J-S34021-17
NON-PRECEDENTIAL DECISION - SEE SUPERIOR COURT I.O.P. 65.37
COMMONWEALTH OF PENNSYLVANIA IN THE SUPERIOR COURT OF
PENNSYLVANIA
v.
JAMES COPELAND
Appellant No. 172 EDA 2016
Appeal from the PCRA Order Dated December 18, 2015
In the Court of Common Pleas of Philadelphia County
Criminal Division at No(s): CP-51-CR-1007631-1999
BEFORE: BOWES, J., SOLANO, J., and PLATT, J.*
MEMORANDUM BY SOLANO, J.: FILED AUGUST 16, 2017
Appellant, James Copeland, appeals pro se from the order denying his
petition filed under the Post–Conviction Relief Act (“PCRA”), 42 Pa.C.S. §§
9541–9546. We affirm.
In a prior appeal, we summarized the procedural background of this
case as follows:
Appellant’s first jury trial occurred in 2000, but that jury was
unable to reach a verdict.
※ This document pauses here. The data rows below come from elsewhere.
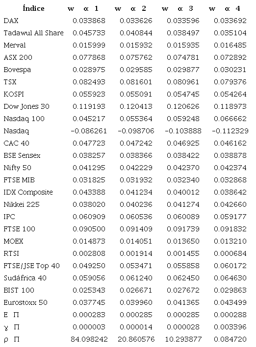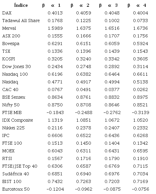El Cuadro 7 presenta el riesgo sistemático de los rendimientos de los índices del portafolio. Los riesgos sistemáticos, en general, un comportamiento monótono creciente o decreciente, excepto el DAX y el Nikkei 225. El DAX tiene un riesgo sistemático moderado, es decir, , una medida de riesgo moderada, y un rendimiento esperado mayor que el rendimiento del bono libre de riesgo y menor que el rendimiento esperado del portafolio de mercado, es decir, . El Nikkei 225 tiene un riesgo sistemático moderado y creciente en las diversificaciones α-estables, es decir, , pero con , es decir, , una medida de riesgo moderada, y un rendimiento esperado mayor que el bono libre de riesgo y menor que el rendimiento de mercado, es decir, . El FTSE MIB y el Eurostoxx 50 presentan un riesgo sistemático elevado y un rendimiento esperado menor que el rendimiento del bono libre de riesgo, es decir, . El FTSE MIB tiene un riesgo sistemático elevado, es decir, , una medida de riesgo elevada, y un rendimiento esperado menor que el del bono libre de riesgo, es decir, . El Eurostoxx 50 tiene un riesgo sistemático elevado y creciente, es decir, , una medida de riesgo elevada, y un rendimiento esperado menor que el del bono libre de riesgo, es decir, . El Merval y el IDX Composite presentan un riesgo sistemático elevado y un rendimiento esperado mayor que el rendimiento del bono libre de riesgo. El Merval tiene un riesgo sistemático elevado y creciente, es decir, , una medida de riesgo elevada, y un rendimiento esperado mayor que el rendimiento esperado del portafolio de mercado, es decir, . El IDX Composite tiene un riesgo sistemático elevado y creciente, es decir, , una medida de riesgo elevada, y un rendimiento esperado mayor que el rendimiento esperado del portafolio de mercado, es decir, . Los índices restantes presentan, en general, un riesgo sistemático moderado y monótono creciente o decreciente, es decir, , una medida de riesgo moderada, y un rendimiento esperado mayor que el rendimiento del bono libre de riesgo y menor que el rendimiento esperado del portafolio de mercado, es decir, .
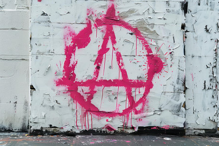 A bathroom with graffiti on the wall and a sink, AI
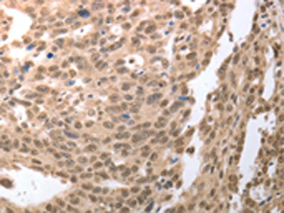 The image on the left is immunohistochemistry of paraffin-embedded Human ovarian cancer using CSB-PA955701(RAD52 Antibody) at dilution 1/50. (Original magnification: ×200)
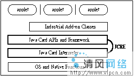 在此软体架构中,最底层的OS and Native Functions 是负责低阶的处理工作,如同今日的作业系统。而在上面两层Java Card Interpreter与Java Card APIs and Framework就是我们所谓的JCRE,主要负责执行Java Card applets以及提供 applet执行所 要的环境。而 Industry Add-on Classes则是 service provider 所提供的classes,使得企业与公司能够提供属於自己的服务程式。
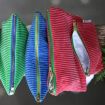 A new practical pouch style bag with feature metallic zip. In pure cotton corda corduroy in bright cobalt blue. Finished with a waterproof lining.

His second trial was held in 2002, and
that jury found Appellant guilty of two counts of first degree
murder and one count of carrying a firearm without a license. In
2006, however, this Court vacated Appellant’s sentence and
reversed his convictions due to an erroneous jury instruction on
alibi. Appellant was then tried for a third time in 2011.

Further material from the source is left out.